Hem de ne için. Türkiye'nin enerji politikası, ceplerini doldurmaktan
göbekleri iyice şişmiş, bir avuç egemene yarasın diye. Öte yandan
vatansever, ülkesini, ülkesinin insanlarını seven bir avuç bilim adamı da bu
enerji egemenlerine karşı bayrak açmış durumdalar. Bunlardan birisi de
Kocaeli Üniversitesi öğretim üyelerinden Dr. Tanay Sıdkı Uyar. Bize,
yenilenebilir enerji kaynaklarının maliyetlerinin nasıl ucuz olduğunu,
ülkeyi dışa bağımlılıktan kurtarmanın yanı sıra çevreyi de koruyacaklarını
anlattı.
Türkiye'de nükleer enerjiye yönelinmesi çok gündemde. Siz, nükleer enerjinin
Türkiye'ye yarar sağlayacağına inanıyor musunuz?

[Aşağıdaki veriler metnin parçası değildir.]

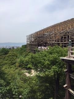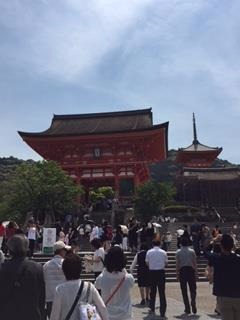 清水寺!今屋根をなおしているようです。2年かかると話されていました。冬羽が3年生の修学旅行では清水見られるかな?日中はやはり人が多くて・・・清水寺は朝6時がおススメです!
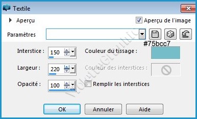 **Effets/Effets de Textures/Textile réglages suivants :
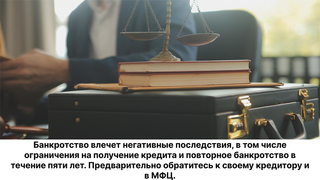 И ещё момент, который многие недооценивают: негативные последствия банкротства всё же есть. После процедуры может быть сложнее получить кредит, а повторно пройти через банкротство получится только спустя пять лет.
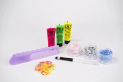 Keltsd életre a frizurákat a kreatív készlettel kis stylistoknak! Tartalmaz 3 színes gélt, 3 csillámos szóróport, gumigyűrűket, ecsetet és fésűt az egyszerű felvitelhez és egyedi lookok készítéséhez.
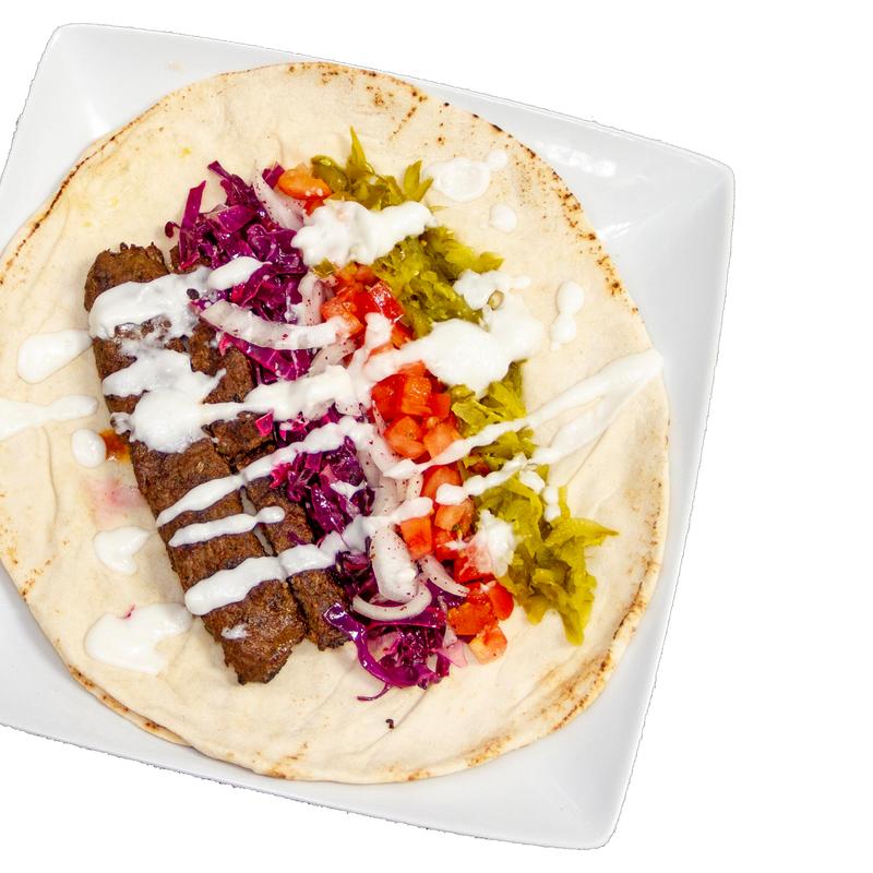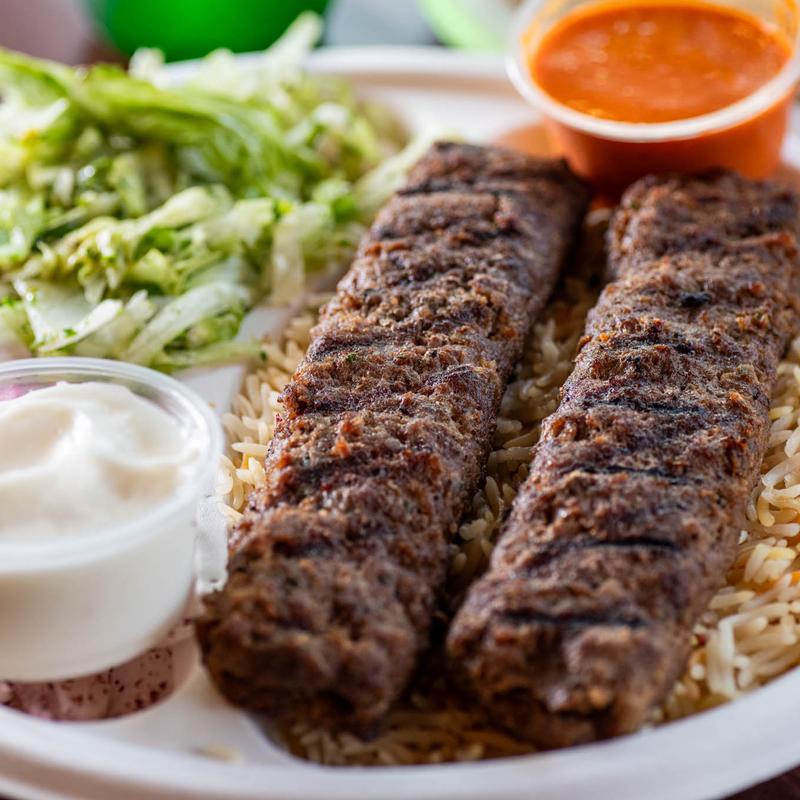 Ground beef on the skewer, blended with parsley, onions, and garlic.
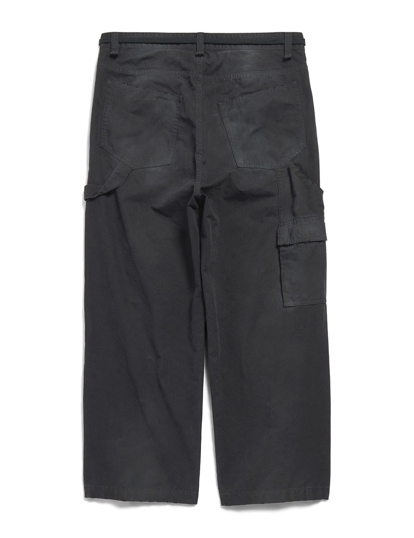 -loops at waist with lace -two pockets on the front -button and zip closure -two patch pockets on the back -a patch pocket on the back -wide leg
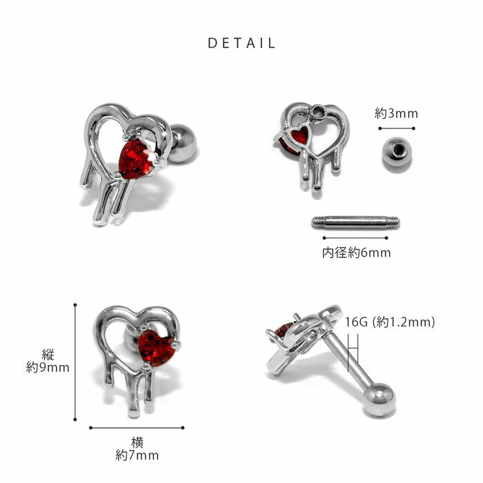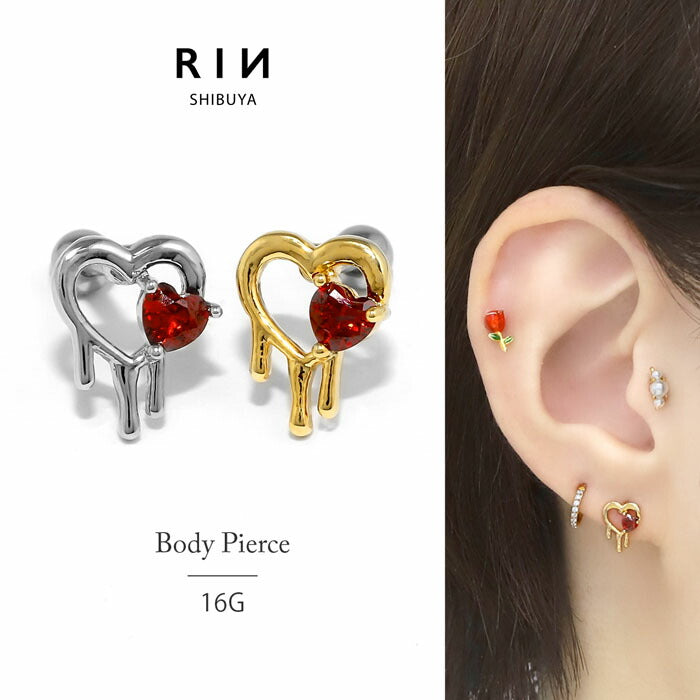 16G メルトハート 溶けハート ストレートバーベル ボディピアス 軟骨1422 t9192-108
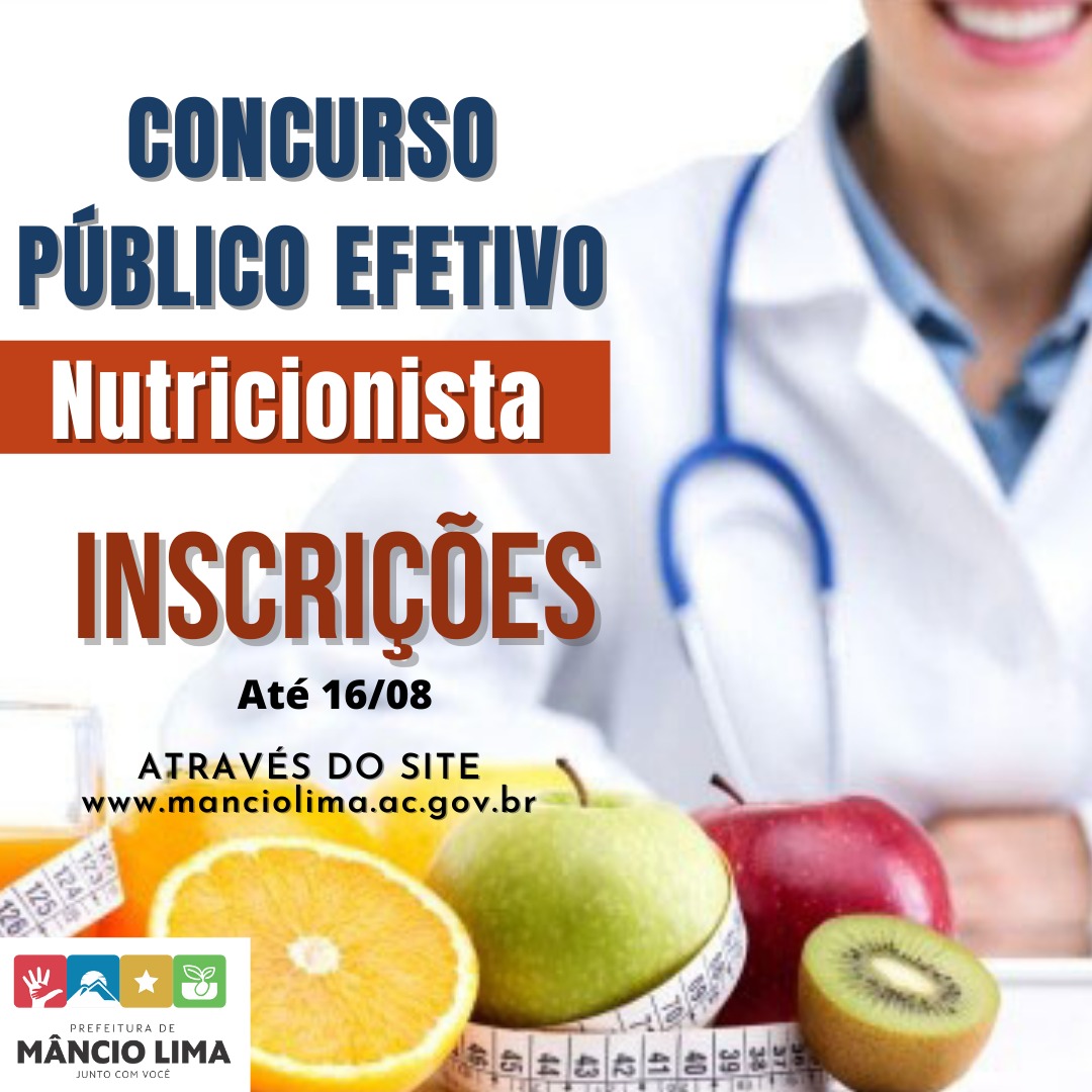 A prefeitura municipal de Mâncio Lima, está com inscrições abertas para o concurso efetivo para o cargo de nutricionista. As inscrições estão abertas desde o dia 30 de julho, e se estendem até o dia 16 de agosto.
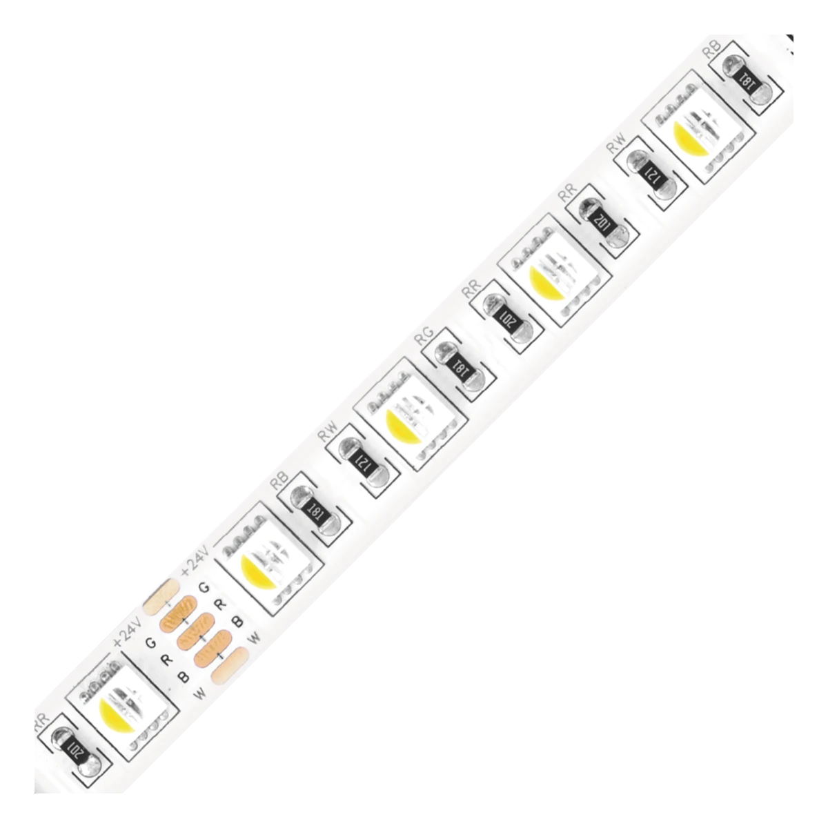 Der LED-Strip kann in jeder Wunschlänge (Angabe in Meter), bis maximal 10m, unter Beachtung des Teilungsmaßes von 100mm konfektioniert werden. Die maximale Einspeiselänge bei einseitiger Einspeisung beträgt 5m. Der konfektionierte Strip wird standardmäßig einseitig mit einer 0,5m langen Anschlussleitung (Kabelquerschnitt: 0,3mm²) ausgeliefert. Wichtig: Um ein Überhitzen des Strips zu vermeiden, darf dieser nur auf wärmeleitenden Untergründen verbaut werden, vorzugsweise auf bzw. in Aluminiumprofilen. Die weiß-Farbtemperatur beträgt 3000K. Die maximale Lichtausbeute beträgt 448lm im RGB-Modus und 338lm im Weiß-Modus.
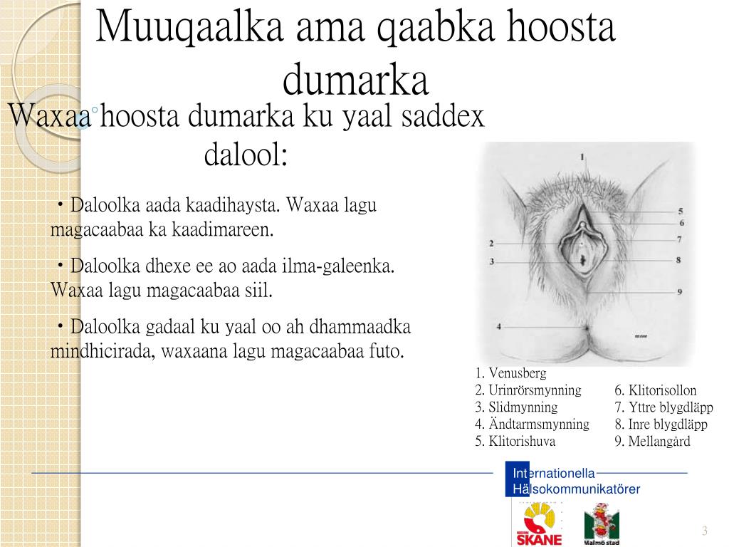 Xanuunada hoosta dumarka • Xanuuneysa agagaarka iyo gudaha hoosta dumarka ama luqunta ilmagaleenka • Haddii xanuunku soo noqnoqdo ama kordho, waa in la la xiriiraa dhakhtarka
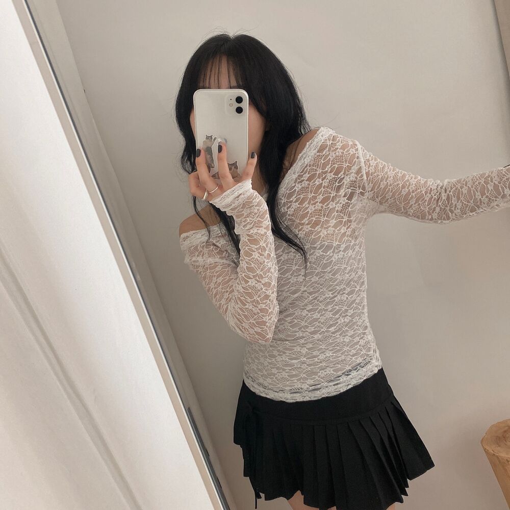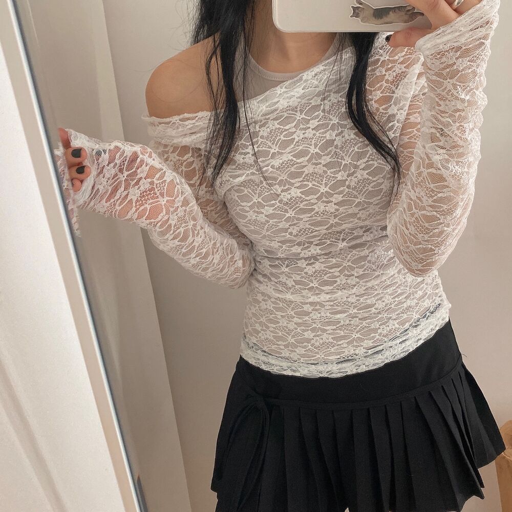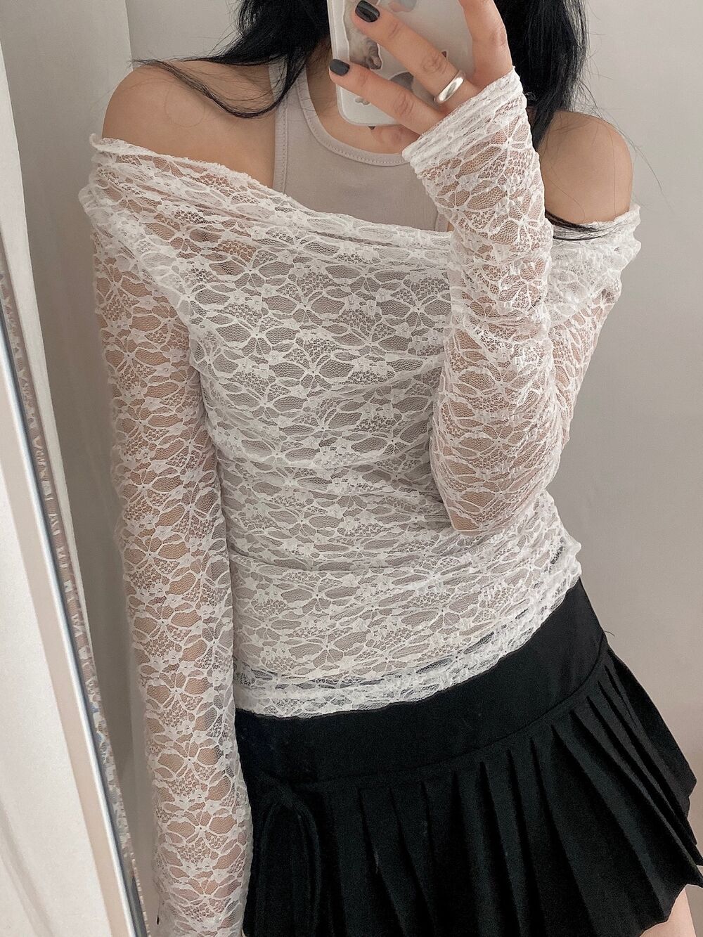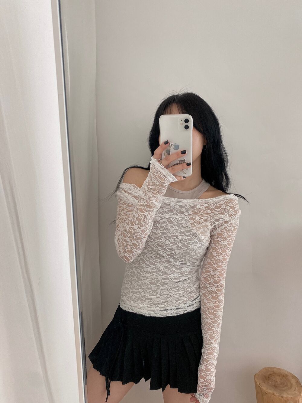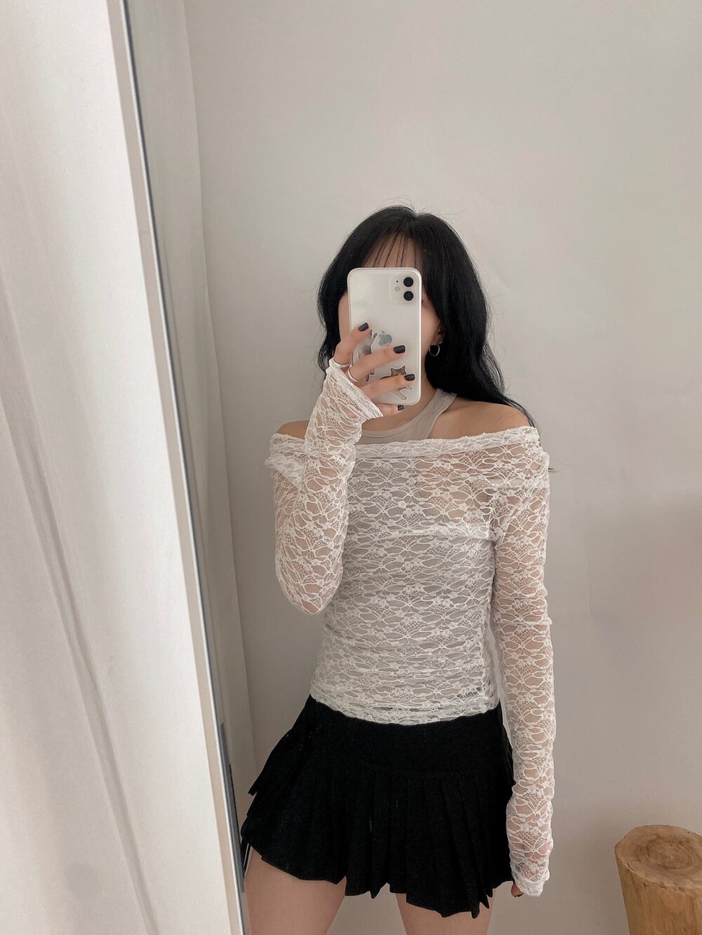 [SET] ホルターネックノースリーブ+シースルーレースTシャツセット

- Ülkemizde, enerji sektöründe karar verme süreçlerinin etkinliği kamuda
çalışan bürokratların gelişkinliğine ve özel sektör kuruluşlarının
çıkarlarına bağlı olarak değişmektedir. Enerji sektörüne ilişkin kararlar
verilirken ülkemizin mevcut enerji sisteminin dinamizminin kavranması
yaşamsal önemdedir. Ülkemizin enerji sistemi ve enerji sağladığı ekonomik
yapı tam anlamıyla tanınmadan alınan kararlar, ülkemizi uzun vadeli
sıkıntılara sokacaktır. Diğer ülkelerin kendi verileriyle kendileri için en
elverişli bularak aldığı kararların ülkemize uygulanması çabaları da
ekonomimize büyük darbeler vuracaktır. Bunun en yakın örneklerini nükleer
santral kurma ve ülkemizi uzun vadeli olarak doğalgaza bağımlı hale getirme
kararlarında görmekteyiz. Tüm OECD ülkelerinde uzun dönemli enerji planlama
çalışmaları kamu eliyle yapılmakta ve tüm özel sektör etkinlikleri o ülke
için en yararlı bulunan çerçevede kamu eliyle denetlenmektedir. Özel
firmaların kendi kârlarını en üst düzeyde geliştirmek için çaba harcamaları
doğaldır. Çevre Bakanlığı'nın henüz fark etmediği bir önlemi kendilerine
maliyet getireceği düşüncesiyle bilseler de söylememeleri, serbest piyasanın
bir gereğidir. Rakipleriyle yarışma durumunda olan bir şirketin gelecek
kuşakları düşünmesi ve bunu üretiminde dikkate alması, şirketin iflasıyla
sonuçlanabilir. Bu gerçekler nedeniyle özel ve kamu sektöründe çalışanlar da
dahil olmak üzere bir ülkede yaşayan tüm insanların ve gelecek kuşakların
çıkarlarının korunması için bir kamu iradesi gerekiyor. Gelecek kuşaklar
kendisini korusun, demek yeterli olmuyor. Bugün alacağımız yanlış kararlar,
gelecek kuşakların temiz ve sağlıklı bir çevrede yaşama özgürlüğünü
ellerinden almaktadır.
Peki, serbest rekabet esasları ile yönetilen ülkelerde durum nasıl?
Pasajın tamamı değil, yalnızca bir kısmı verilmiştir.